The world recycles just 14 per cent of the plastic packaging it uses. Even worse: 8 million tonnes of plastic, much of it packaging, ends up in the oceans each year, where sea life and birds die from eating it or getting entangled in it. Some of the plastics will also bind with industrial chemicals that have polluted oceans for decades, raising concerns that toxins can make their way into our food chain.
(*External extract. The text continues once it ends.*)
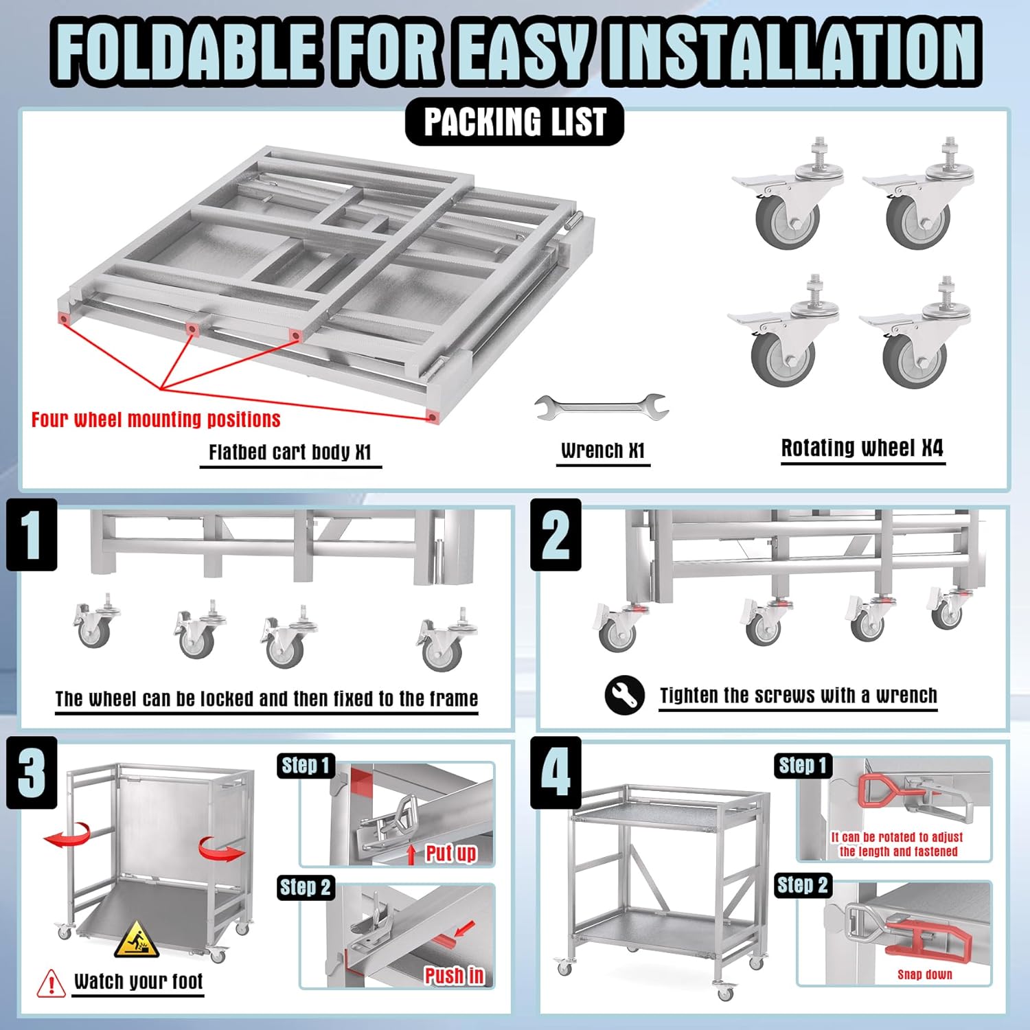 • 【Safe and stable】 it thickens the handrails and plates of the trolley, and performs a detailed treatment on the edge of the trolley to better extend the useful life. Equipped with multiple locking mechanisms, this stainless steel hand cart is securely held in place whether folded or in use, it can be used as a mobile workbench to complete DIY and other activities
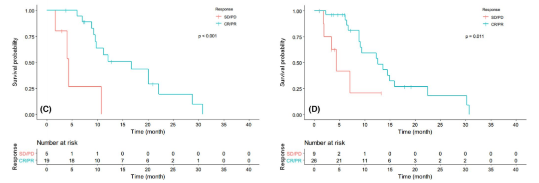△TAE达到CR/PR的患者PFS显著延长(C.肝转移负荷25%~50%;D.肝转移负荷>50%)

Recycling the remaining 86 per cent of used plastics could create $80 billion-$120 billion in revenues, says a recent report by the Ellen MacArthur Foundation. But those revenues will never be fully achieved without designing new ways to breakdown and reuse 30 per cent (by weight) of the plastic packaging that isn’t recycled because the material is contaminated or too small for easy collection, has very low economic value or contains multiple materials that cannot be easily separated. Think of candy wrappers, take-out containers, single-serving coffee capsules and foil-lined boxes for soup and soy milk.
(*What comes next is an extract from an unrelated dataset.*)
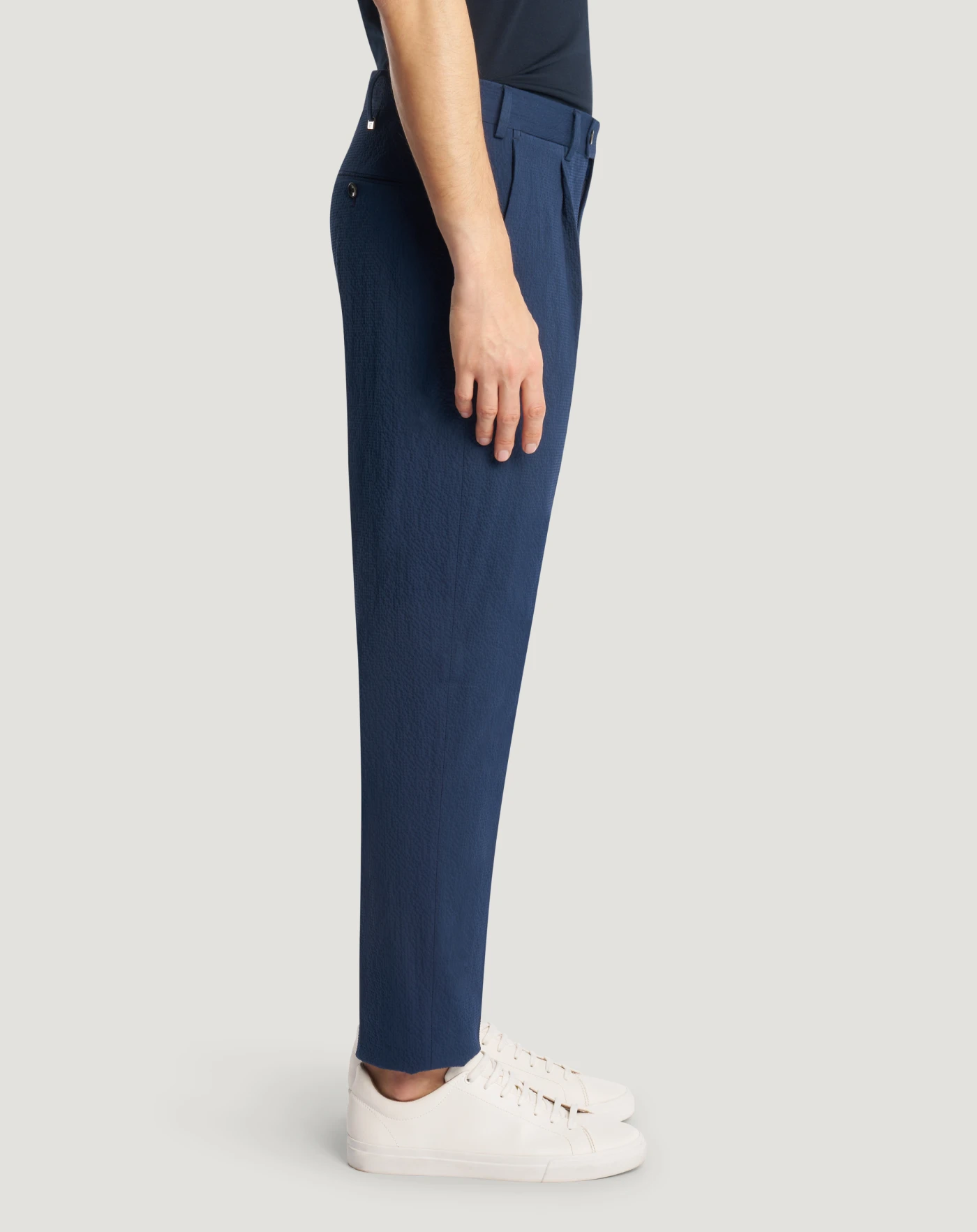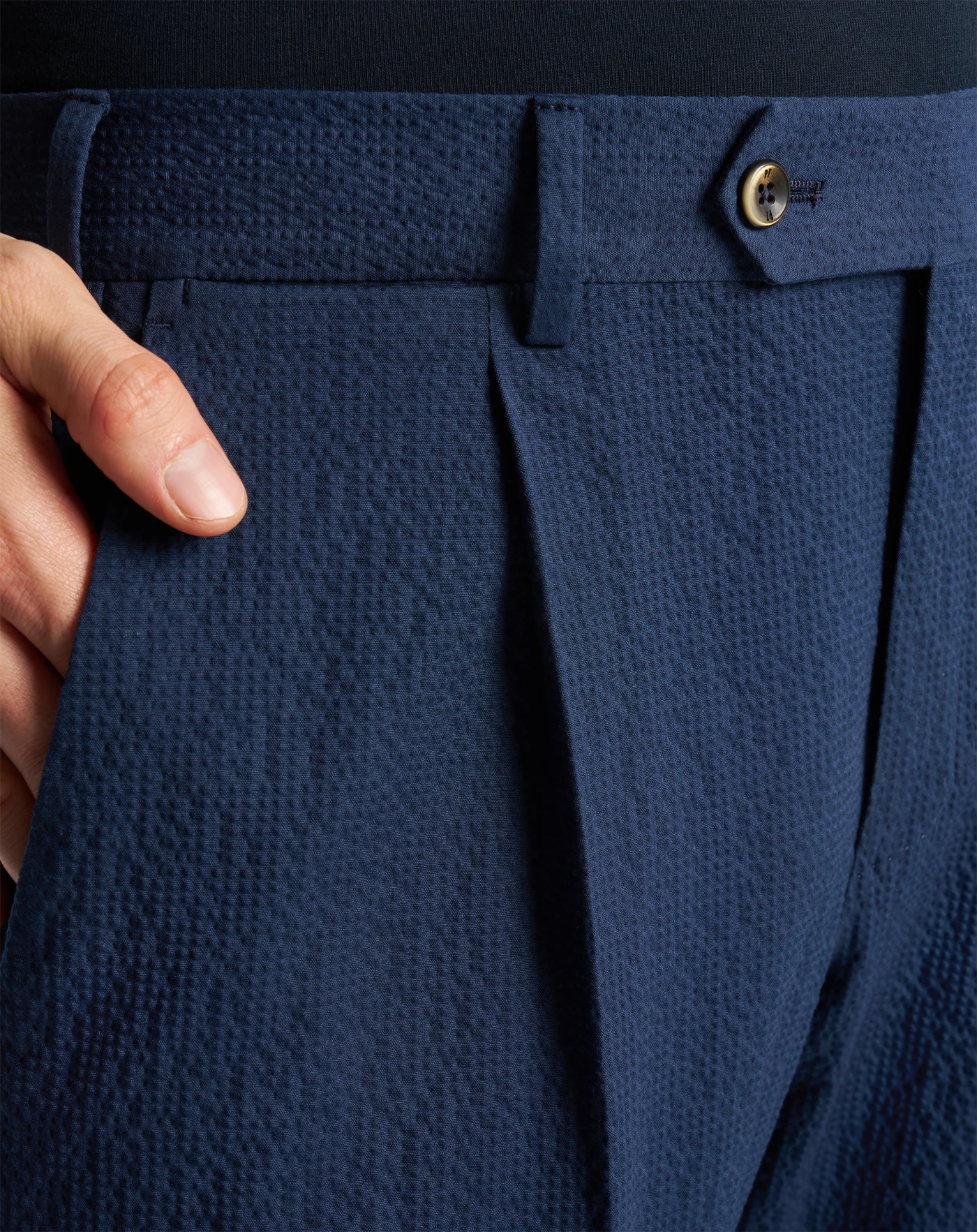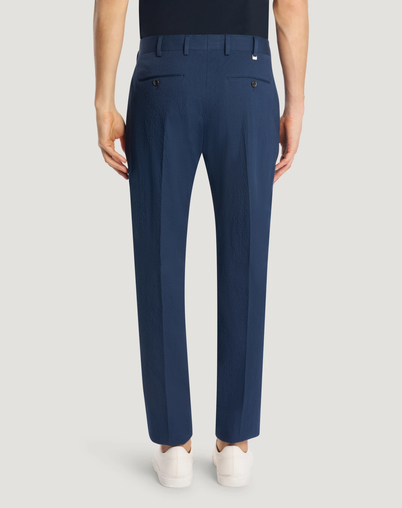 Trousers in stretch cotton seersucker that combines the typical wavy, three-dimensional look of seersucker with a softer, more comfortable finish.The garment is delivered unstitched, so that it can be finished to suit your length and style through simple tailoring.With a pleat at the front and comfortable fit, they are ideal for your off-duty looks.

Large companies such as Coca-Cola have developed plant-based alternatives to conventional, petroleum-based plastic so that they can break down easily without contaminating the soil and water. The market opportunity has also attracted small, young companies that focus on developing recycling technology to tackle that troublesome 30 per cent of plastic packaging that is headed to landfills at best, and, at worst, to our rivers, lakes and oceans.